Graveslab, St. Patricksrock, Co. Tipperary
Co. Tipperary |
Tombs & Memorials
On the Rock of Cashel, among the more celebrated carvings and high crosses that draw most of the attention, a fragment of a graveslab lies quietly in the choir of the cathedral.
It is easy to overlook, partly because of its condition and partly because it offers nothing so legible as a name or a date. What it does offer is a seven-armed cross carved in relief, its terminals finished in stylised fleur-de-lis forms, with a second, incised outline cross worked into the centre of the cross-head. The slab survives only as an upper portion, measuring roughly 59 centimetres in length and 75 centimetres in width, with one corner slightly broken away.

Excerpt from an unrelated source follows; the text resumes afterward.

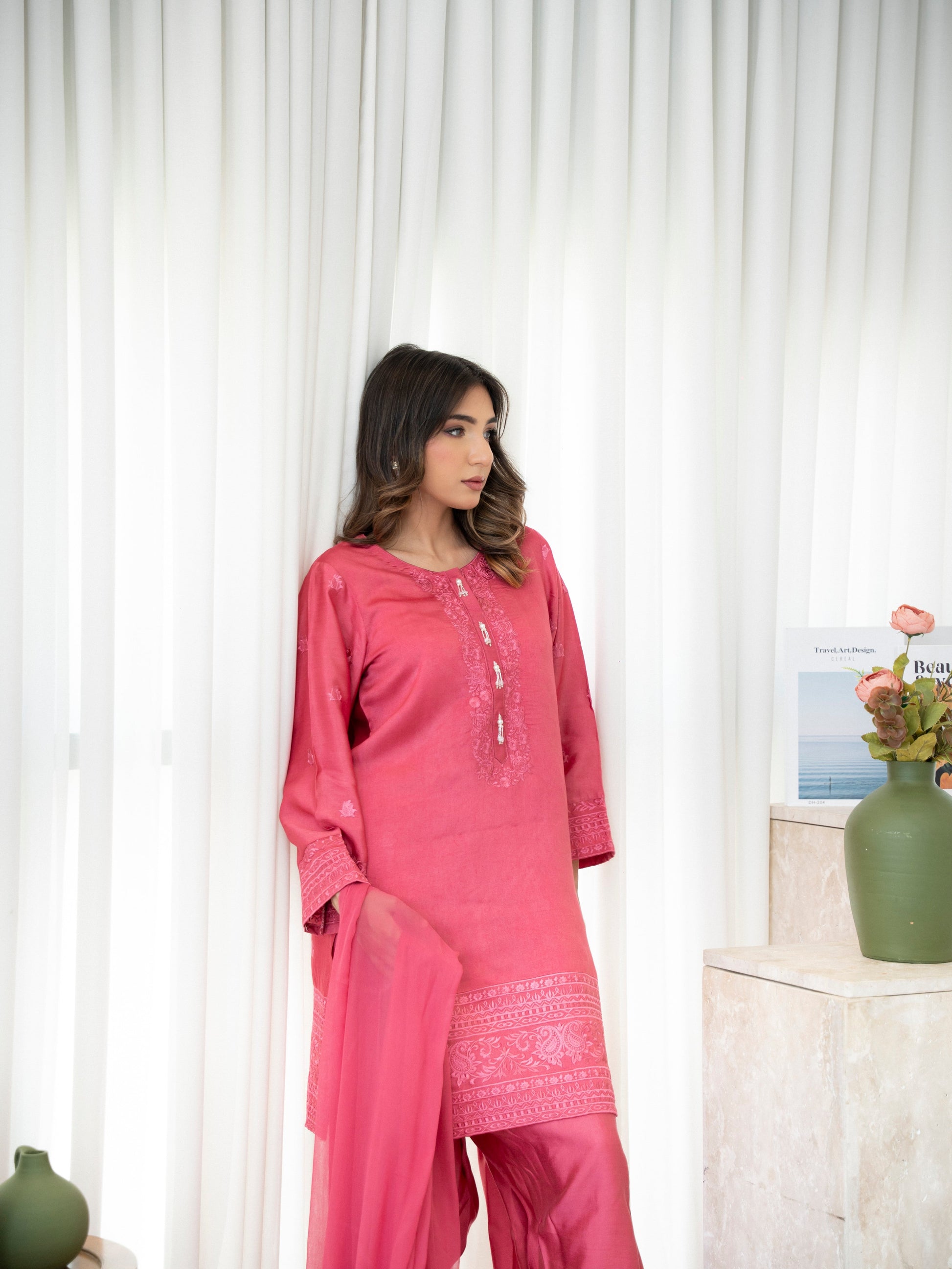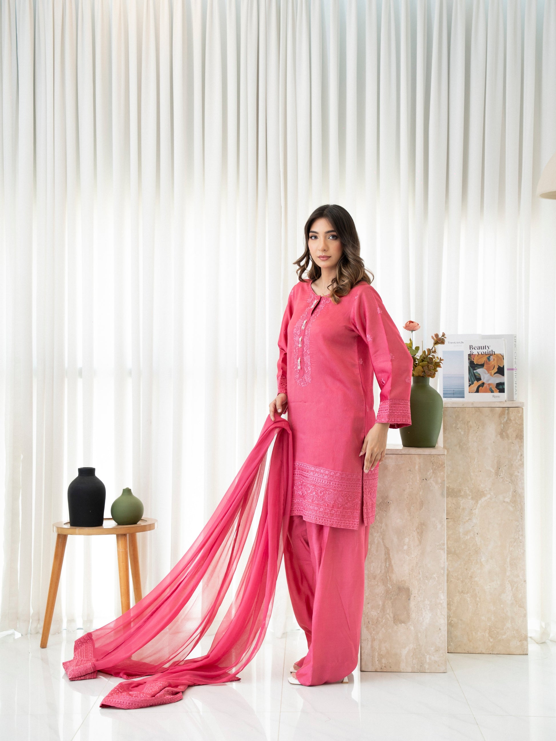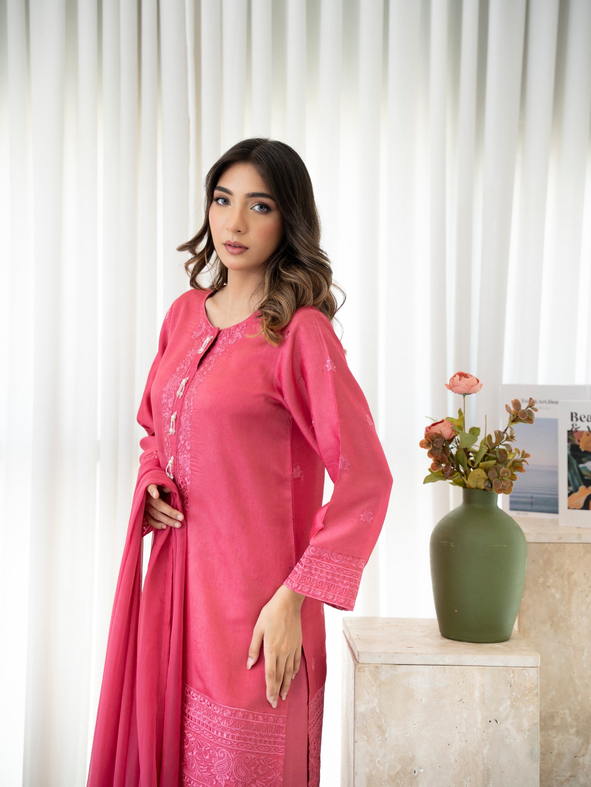 Clay Bloom is a vibrant statement in soft luxury—crafted from premium silk in a luscious pink hue and paired with a flowing pure chiffon dupatta. The delicate embroidery adds a touch of femininity and finesse, making this 3-piece ensemble ideal for summer soirées, festive brunches, or daytime celebrations. A refreshing blend of charm and grace in every thread.

The decoration is the only record this stone now holds of whoever it once commemorated. There is no inscription, and by the time Walter FitzGerald examined it in the early twentieth century, writing it up between 1901 and 1903, he could only note it as illegible. Maher, writing nearly a century later in 1997, recorded the same absence, describing the slab's worn surface and cataloguing the cross design with its unusual seven arms, a form that appears occasionally in medieval Irish funerary carving. The fleur-de-lis terminals place it within a broader European decorative tradition that filtered into Irish ecclesiastical stonework during the medieval period, though exactly when this particular slab was made, and for whom, remains unknown.